By the by, anyone concerned about competition and innovation in light of AMD's restructuring might take some solace if you read up on Joseph Schumpeter's theories of monopoly and innovation. In a nutshell, he said that monopolies can drive innovation because they have large amounts of capital which can be invested into novel research. As semiconductor design is a highly investment-driven industry, it's a perfect place for such a market dynamic.

Also, Intel's biggest competition these days is from its own legacy products. Unlike AT&T, Intel makes money by selling widgets, not services, so if they don't make new chips compelling enough to warrant an upgrade, then they don't generate revenue. I suspect that in a vacuum of viable competition we'll see the rate of improvements slow, but not by much. Intel still has to make vastly improved CPUs year over year to fuel growth, so unless Intel's shareholders want to settle for lower revenue and higher margin (and risk getting mauled on the low end by ARM/WOA), I don't see this changing.

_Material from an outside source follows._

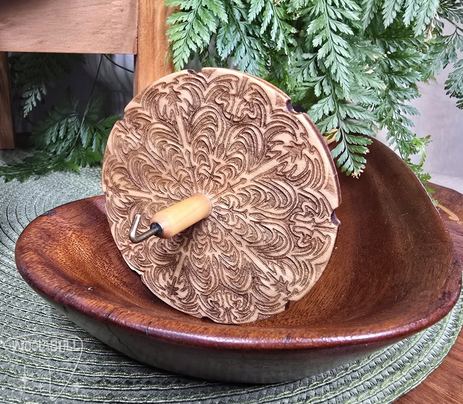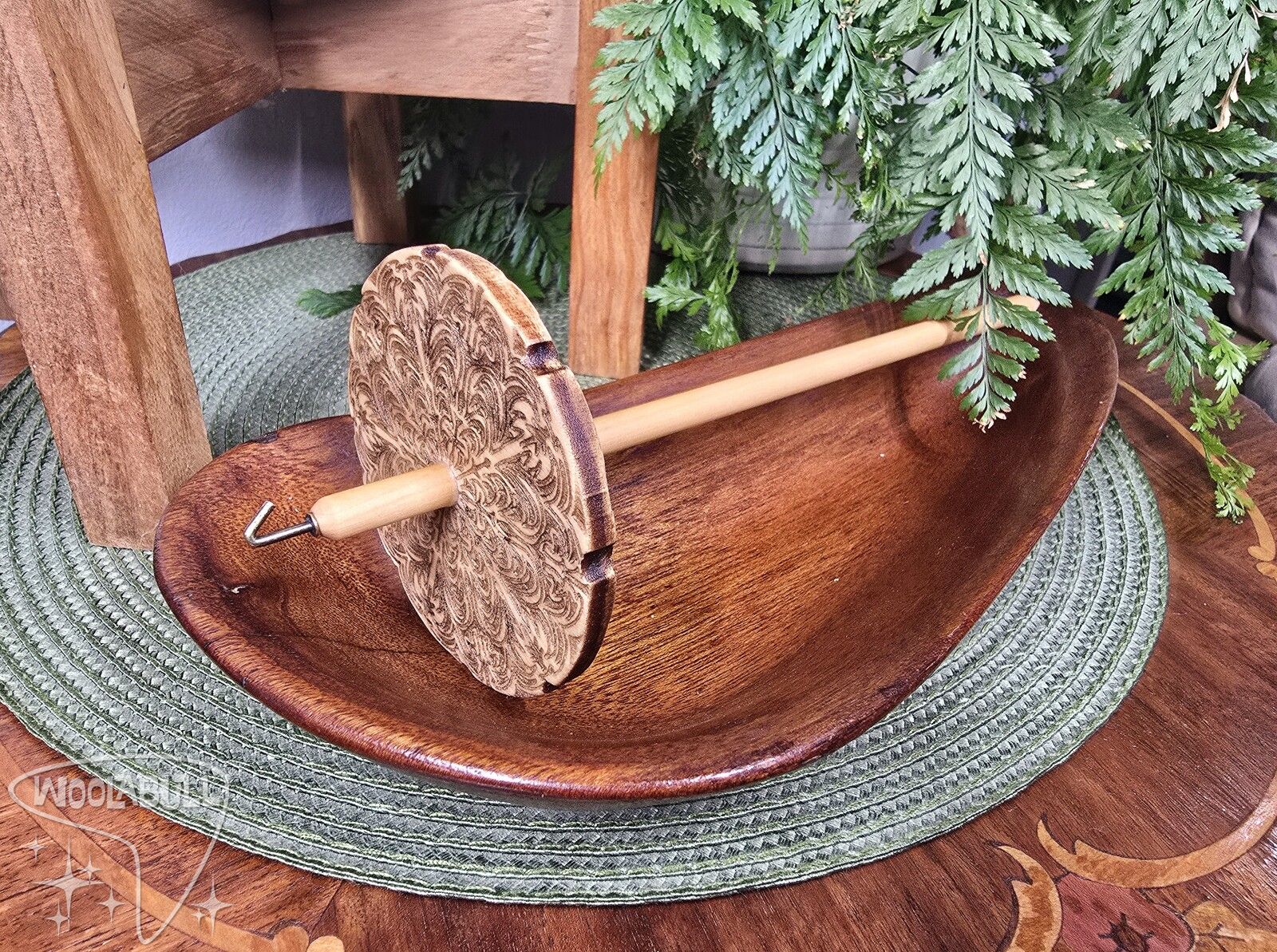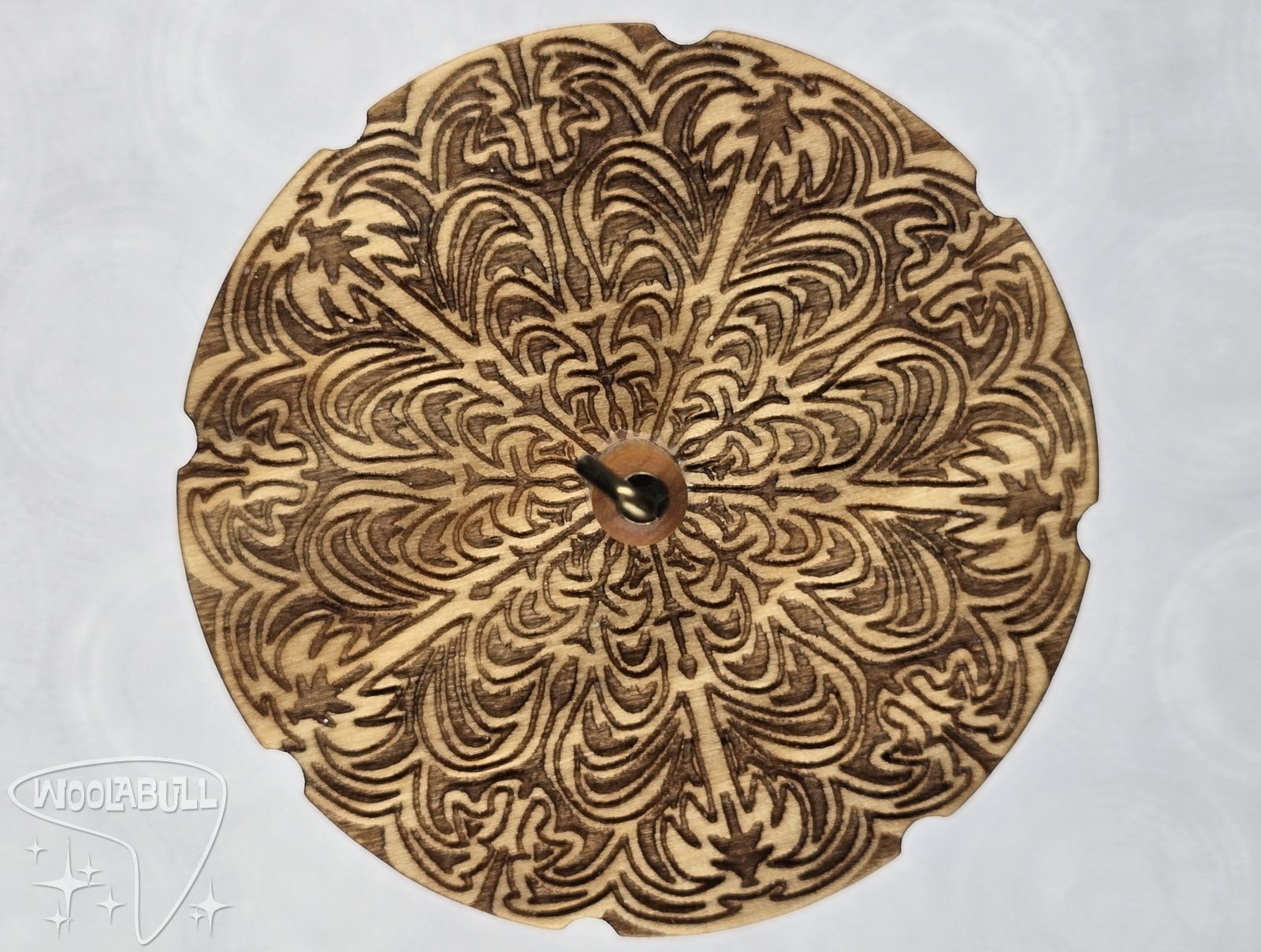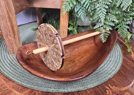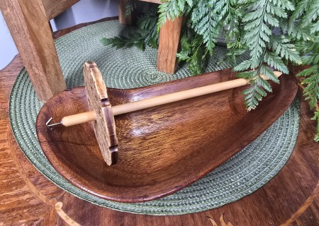 Each Drop Spindle is hand made from laser cutting my designs onto the front and back of 1/4" thick poplar wood, shaping the hardwood dowels, and shaping the hook.

Where AMD was useful was that they could keep Intel from solely dictating the direction of the market. Had AMD imploded a decade ago, I strongly suspect we'd all be running IA64 CPUs right now. Could be worse, really.

But here's a question: How many of you have greatly slowed the rates of your own CPU upgrades? I used to get a new computer/CPU every 2-3 years, but my current i7 920 @ 3.6Ghz has provided enough performance that I feel it'll be until Haswell (or its death) before I upgrade. Anyone else finding themselves in a similar boat?

Beelzebubba9
Feb 24, 2004

Happy_Misanthrope posted:

Doesn't the "rise" (well, they're not exactly taking over from dedicated GPU's yet of course) of APU's necessitate more bandwidth eventually?

The rumor on the street is that Haswell will have a large on-die cache (64MB?) in the form of eDRAM to be used as an interposer to help alleviate some of the traffic over the DRAM bus. If the rest of the rumors are true - going from 12 EUs on die to 40 - then Intel may have to make drastic changes to the memory hierarchy to keep them all fed with data.